Selanjutnya bank dan kantor; pusat rekreasi; lembaga penyiaran televisi; lembaga penyiaran radio; hotel termasuk kamar hotel, dan fasilitas hotel; terakhir usaha karaoke.
https://maymovie98.com/movies/fate-stay-night-heavens-feel-ii-lost-butterfly/
Benarkah Banyak Proyek Mangkrak di Era Erick Thohir?
Eks Sekretaris Kementerian BUMN Said Didu menyebut Menteri BUMN Erick Thohir akan mewarisi proyek-proyek mangkrak. Sebab, sejumlah proyek infrastruktur yang tidak layak secara ekonomi rampung di tahun 2021.
Proyek-proyek yang sudah jadi tersebut menanggung tiga beban sekaligus yakni beban operasional, beban bayar utang dan beban penyusutan.
"Saya paham betul, dan ini sebenarnya itu istilahnya Bung Arya kalau sudah hadir, Bung Arya dan Pak Erick Thohir panen proyek mangkrak," katanya dalam diskusi Narasi Institute, Jumat (8/4/2021).
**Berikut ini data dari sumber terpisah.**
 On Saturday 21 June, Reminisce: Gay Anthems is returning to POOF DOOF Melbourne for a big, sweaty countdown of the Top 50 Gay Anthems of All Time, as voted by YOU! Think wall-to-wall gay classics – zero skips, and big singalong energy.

Said Didu pun menjelaskan penyebab kinerja BUMN karya tertekan. Dia bilang, salah satunya disebabkan karena BUMN menggarap proyek-proyek yang tidak layak secara ekonomi.
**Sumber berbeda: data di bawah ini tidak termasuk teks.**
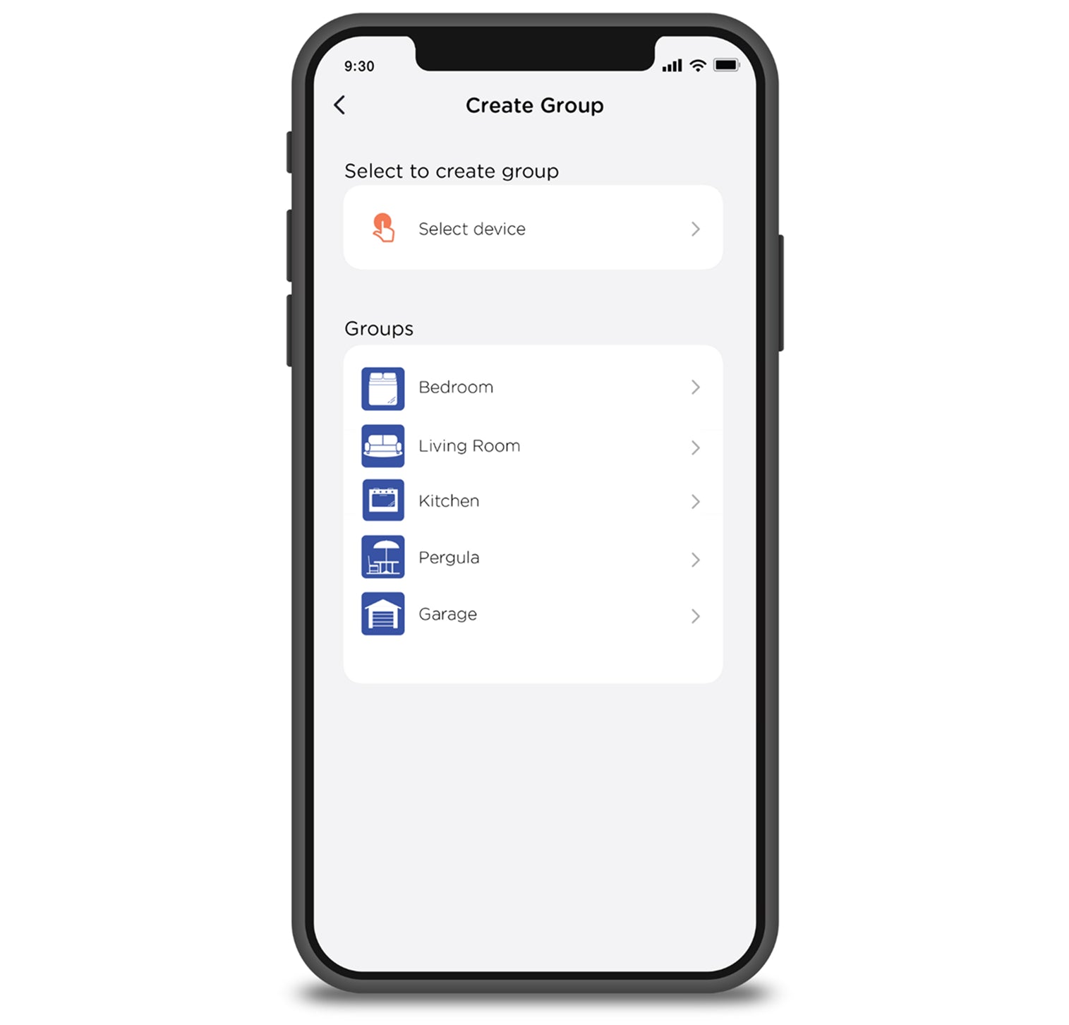 Several devices can follow the same commands through the groups feature.Groups allow devices to be sorted to specific areas, like patios, basements or bedrooms, giving you the ability to control entire spaces at once.

Menurutnya, sesuai UU BUMN apabila pemerintah memberikan penugasan kepada BUMN dan tidak layak secara ekonomi maka pemerintah harus menanggung biayanya ditambah margin. Pemerintah telah bekerja dengan baik karena memberikan penyertaan modal negara (PMN) pada 2016-2017.
Namun, setelah itu PMN tidak diberikan sehingga BUMN pun melanjutkan pekerjaan dengan mencari utang.
"Kalau utang saya yakin betul karena margin, net margin rata-rata jasa konstruksi 4% net marginnya maka kalau mengambil utang yang bunganya 11-12% maka dipastikan akan rugi karena net marginnya rendah sekali," katanya.
Said Didu memperkirakan proyek-proyek tersebut mangkrak karena tidak mendapat PMN.
"Karena saya sudah perkirakan 2018-2019 bahwa kalau tidak ada PMN maka 2021 pasti proyek-proyek tersebut mangkrak," katanya.